Albert’s Fun Fact Science Corner: Laws of Thermodynamics
The laws of thermodynamics can tell us so much about the world around us!
The zeroth law tells us that two thermodynamic systems which are both in equilibrium with a third system are also in equilibrium with each other. This law wasn’t initially recognized as a separate law of thermodynamics, because it was implied in the other laws, but its articulation as a separate law is often useful in defining things like temperature. It tells us that thermodynamic equilibrium is an equivalence relation on a set of thermodynamic systems.
The first law of thermodynamics tells us that energy is not created or destroyed. Now that we have an equivalence between energy and matter, E=MC2, we know that this thermodynamic property applies to matter as well. All that ever will be already is, and nothing that is now will ever not be. How fun is that! This law tells us that no matter what we do, energy is a fixed value, we will never have no energy left.
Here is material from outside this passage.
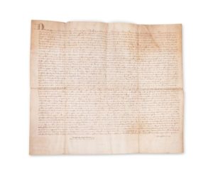ARCHIVES XIVe - [Franche-Comté] Bail rédigé à la cour de Besançon, en 1374, en faveur de Jehan dit « de Chambornay de Montferrand, châtelain de Clay ». Paiement du bail à la Saint Etienne. 1 p. gd in-folio (52 x 45,5 cm) sur parchemin. Lettrine ornée.

The second law of thermodynamics tells us that entropy is always increasing. Entropy can be quantified using Boltzmann’s Entropy Formula, S = kB ln(W) where S is entropy, kB is Boltzmann’s constant, and W is the number of microstates in a given macrostate.The universe is always trending towards more entropy. The most probable configurations will continue to come into being. If the first law tells us what will remain in the unimaginable future, the second law tells us what we will lose. We will lose all that is unique, everything that has made our lives meaningful, our lives themselves, will eventually fade into the noise of the most probable configurations of the universe. You and I are so beautiful and astounding largely because we are unique. That is also why we are temporary.
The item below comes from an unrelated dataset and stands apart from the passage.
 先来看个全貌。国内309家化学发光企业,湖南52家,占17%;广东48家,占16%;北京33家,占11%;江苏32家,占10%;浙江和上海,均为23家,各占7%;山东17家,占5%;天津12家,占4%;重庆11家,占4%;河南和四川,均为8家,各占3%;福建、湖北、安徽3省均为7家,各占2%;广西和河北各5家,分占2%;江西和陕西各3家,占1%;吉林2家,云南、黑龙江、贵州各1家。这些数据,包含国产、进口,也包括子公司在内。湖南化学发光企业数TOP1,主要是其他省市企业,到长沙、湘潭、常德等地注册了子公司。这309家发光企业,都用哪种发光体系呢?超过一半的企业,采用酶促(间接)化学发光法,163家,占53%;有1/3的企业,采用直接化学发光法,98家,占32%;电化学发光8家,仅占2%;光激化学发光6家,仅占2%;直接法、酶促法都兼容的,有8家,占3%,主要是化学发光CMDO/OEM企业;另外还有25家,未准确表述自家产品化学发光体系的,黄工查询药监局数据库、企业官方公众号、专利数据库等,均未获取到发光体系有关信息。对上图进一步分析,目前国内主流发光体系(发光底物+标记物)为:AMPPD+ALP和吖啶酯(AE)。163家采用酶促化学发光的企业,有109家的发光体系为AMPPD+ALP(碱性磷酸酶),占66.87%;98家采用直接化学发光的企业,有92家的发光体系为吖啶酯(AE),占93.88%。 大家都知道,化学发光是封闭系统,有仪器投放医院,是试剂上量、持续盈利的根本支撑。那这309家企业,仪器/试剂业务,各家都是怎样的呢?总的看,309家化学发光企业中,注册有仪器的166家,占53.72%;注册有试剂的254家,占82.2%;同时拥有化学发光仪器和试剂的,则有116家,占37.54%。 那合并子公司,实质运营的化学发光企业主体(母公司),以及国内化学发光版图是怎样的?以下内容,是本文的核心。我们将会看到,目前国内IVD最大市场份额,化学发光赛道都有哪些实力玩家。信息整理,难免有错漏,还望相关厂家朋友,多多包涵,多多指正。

The third law of thermodynamics tells us that as the temperature of a system approaches absolute zero, all processes cease and the entropy of the system approaches a minimum value. Our universe will never approach absolute zero, but it will approach equilibrium. It will approach a time where nothing changes. The energy and matter will always be there, but the cosmic-heat death of the universe awaits us. The beautiful complexity of the cosmos surrounds us, but it is not permanent. All of being is marching onward towards a crushing and deadly sameness. As much as we face our own mortality as individuals, we must face the mortality of our society, our planet, and our universe. All will end someday. It will not disappear, the energy will be there, but all that once made our universe our home will be coöpted into the subtle chaos that surrounds us. Dissolved into quiet murmurations in quantum fields of the cosmos.